It is the policy of the University of Nebraska Medical Center (UNMC) to establish guidelines for use of facsimile machines to safeguard confidential information.

Policy

  1. Confidential information, including protected health information and proprietary information, may be transmitted via facsimile if reasonable safeguards are applied to protect such information from inappropriate use or disclosure.
  2. Accompany each transmission with a cover letter that includes:
    • Date/time of transmission
    • Sender’s and receiver’s first and last name
    • Address
    • Telephone number and fax number
    • Number of pages
    • Confidentiality statement (see example below)

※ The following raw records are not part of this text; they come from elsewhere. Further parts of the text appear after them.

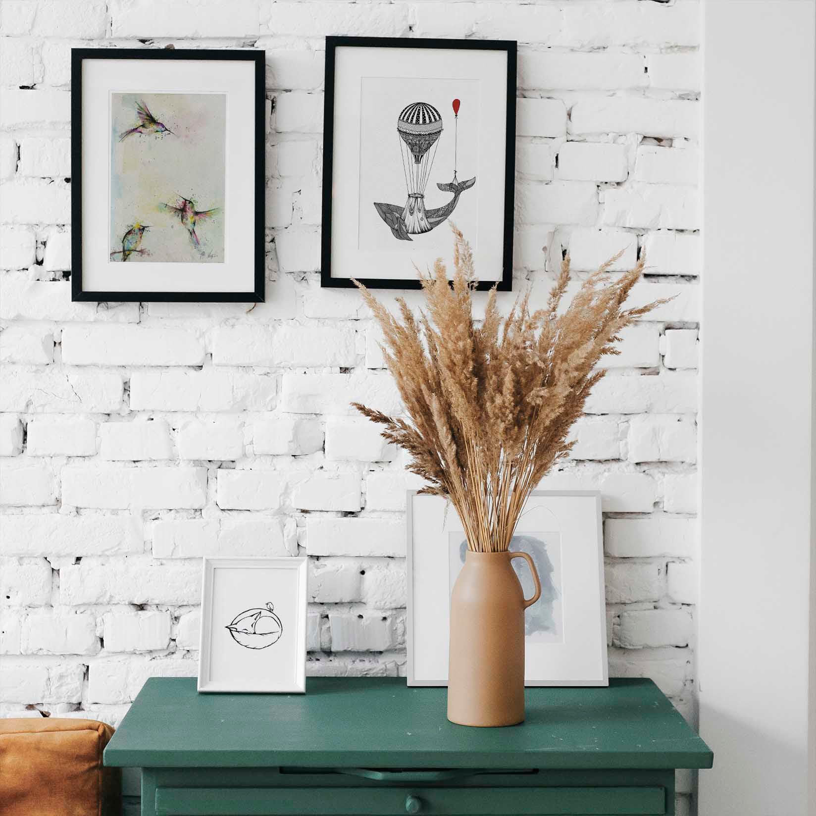 Kunstdrucke sind zum Einrahmen oder direkt für die Wand als Deko Element gedacht. Vermeide den direkten Kontakt mit Wasser oder feuchten Gegenständen, um Schäden am Papier zu verhindern.
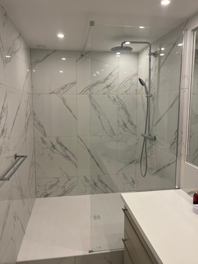 Cette douche à l’italienne élégante met en valeur un carrelage mural effet marbre blanc veiné de gris, pour un rendu à la fois lumineux et luxueux. L’espace est délimité par une paroi en verre transparent et équipé d’une colonne de douche chromée avec pomme haute pluie, offrant confort et modernité. Associée à un receveur extra-plat et un éclairage LED encastré, cette salle de bain reflète un design contemporain et épuré, idéal pour une rénovation haut de gamme
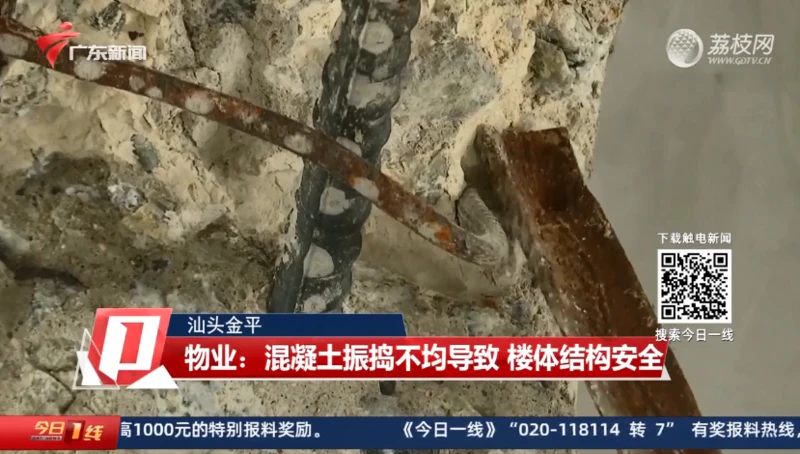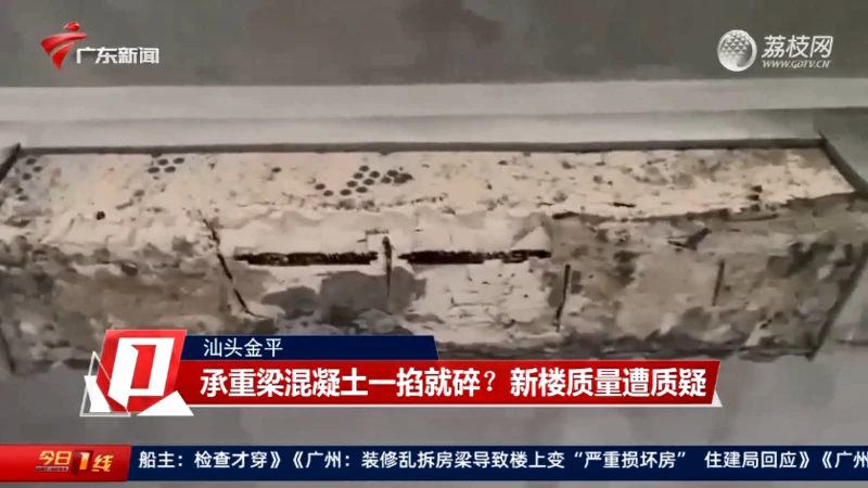 近日,据今日一线报道,汕头金平区街坊阿梅报料,她购买的新房4月份收楼时发现承重梁有鼓包的现象,于是她检查了一下,没想到这一检查发现梁上的混凝土犹如泥巴一般,一捏就碎。这让她十分担忧,承重梁的质量可是关系着整栋楼的安全。具体什么情况呢?
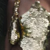Inspirada nas sereias e nas profundezas do mar, esta elegante bolsinha de ombro é confeccionada em algodão resistente e adornada com miçangas de ouro 18 quilates bordadas à mão.
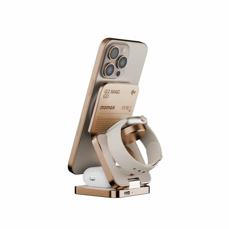 Отзывы на Беспроводная зарядная док-станция 3 в 1 Momax Q2. Mag Go Qi2, складная, магнитная - Sandstone (золотой)
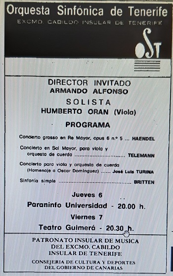 Concerto for Viola and Strings (Homage to Óscar Domínguez) was premiered at the Guimer/aacute; Theater in Santa Cruz de Tenerife by Humberto Orán, accompanied by the Tenerife Symphony Orchestra conducted by Armando Alfonso, on March 6, 1986.
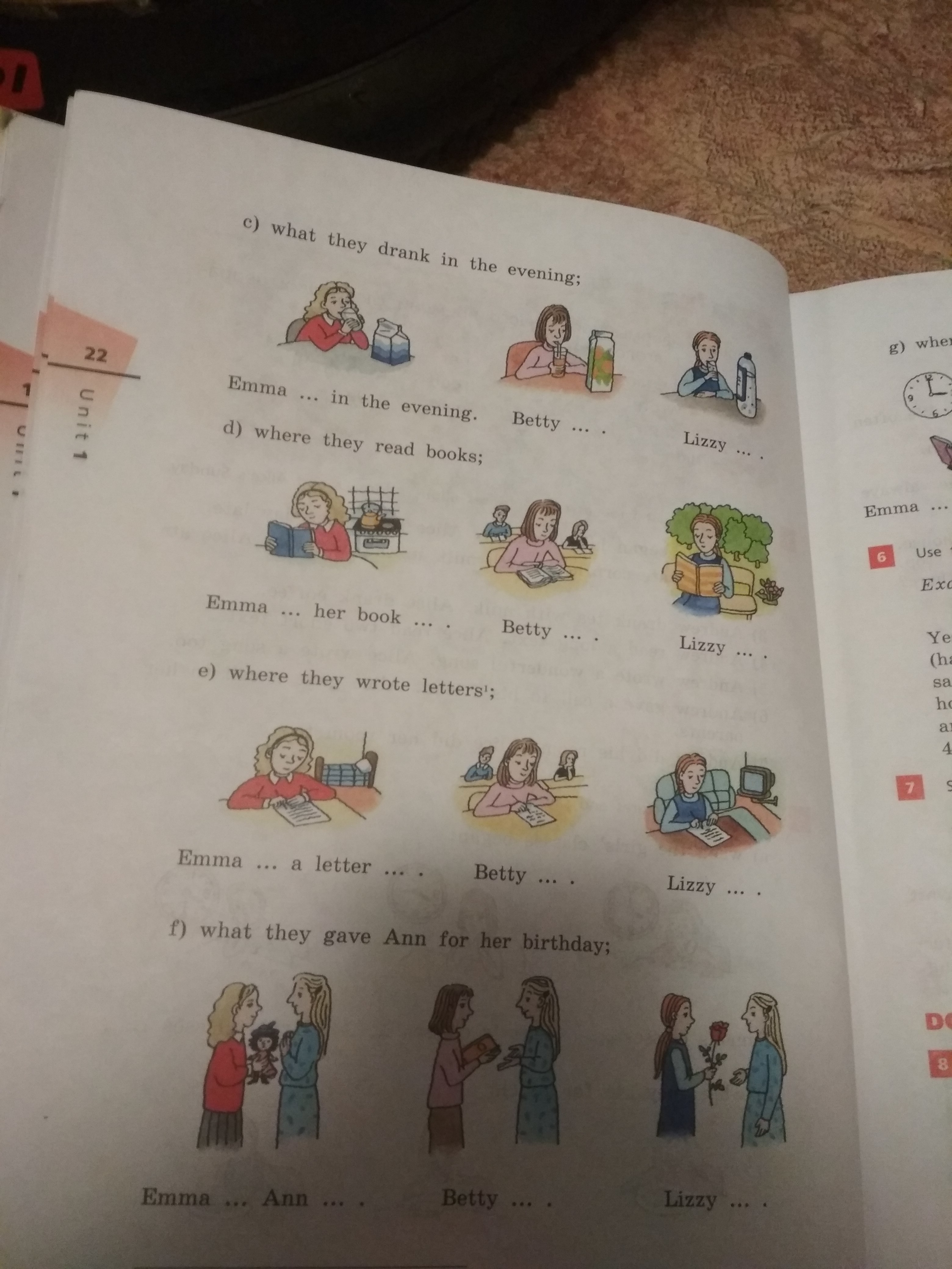 C) Emma drank milk in the evening. Betty drank juice in the evening. Lizzy drank water in the evening. D) Emma read her book in the kitchen. Betty read her book at school. Lizzy read her book in the park E) Emma wrote a letter in her room. Betty wrote a letter at school. Lizzy wrote a letter in the living room. F) Emma gave Ann a doll. Betty gave Ann a book. Lizzy gave Ann a rose.

      This communication, along with any attachments, is intended only for the use of the individual or entity to which it is addressed and may contain information that is privileged and confidential. If you are not the intended recipient of this communication, or the employee or agent responsible for delivering the communication to the intended recipient, you have received this communication in error and are prohibited from reading, printing, or disclosing any of the information contained in it. If you have received this communication in error, please notify the sender immediately by telephone to arrange for the return or destruction of these documents and please permanently delete and destroy this communication."

  3. Protected health information shall be transmitted in accordance with UNMC Policy 6057, Use and Disclosure of Protected Health Information and Electronic Communication of PHI procedure.
  4. Verify new fax numbers (including autofax) prior to using them. Never fax information to an unknown fax number. Consider pre-programming verified numbers that are frequently used into the fax machine to help avoid misdirecting any information.
  5. When faxing directly from the electronic medical record utilize the Communications tab.
    • Use the "Recipients" buttons to select "PCP", "Referring", etc. from the provider directory.
    • When using the “Other” recipient button, verify that the contact information added is correct.
  6. If a fax is received in error, notify the sender immediately, and permanently destroy the document(s).

    If a fax is sent in error, notify the recipient immediately and ask the recipient to not read the fax or its attachments and to permanently destroy the fax and its attachments, and to send an email confirming that he or she has satisfied this request.

  7. Remove faxed documents from the fax machine promptly.
  8. Do not install facsimile machines in high traffic areas with access to unauthorized personnel.

Definitions

Individual

The person who is the subject of the PHI. Personal representatives of the Individual have the same rights as the Individual under HIPAA (i.e., they “step into the shoes” of the Individual). Personal representatives include the legal guardian and anyone else authorized by law to act on behalf of the Individual. (See Nebraska Medicine Consents and Permits policy, MS14.)

Protected Health Information (PHI)

Individually identifiable health information including demographic information, collected from an Individual, whether oral or recorded in any medium, that:

  • is created or received by UNMC/ACE; and
  • relates to the past, present or future physical or mental health or condition of an Individual; the provision of health care to an Individual; or the past, present or future payment for the provision of health care to an Individual and identifies the Individual or with respect to which there is a reasonable basis to believe the information can be used to identify the Individual.

PHI includes genetic information, which includes information about the following items (and excludes information about an Individual’s sex or age):

  • an Individual’s genetic tests;
  • the genetic tests of an Individual’s family members; or
  • the manifestation of a disease or disorder in such Individual’s family members (i.e., family medical history).

PHI excludes:

  • individually identifiable health information of a person who has been deceased for more than fifty (50) years.
  • education records covered by the Family Educational Rights and Privacy Act (FERPA); and
  • employment records held by UNMC in its role as employer.

Additional Information

This page maintained by mh.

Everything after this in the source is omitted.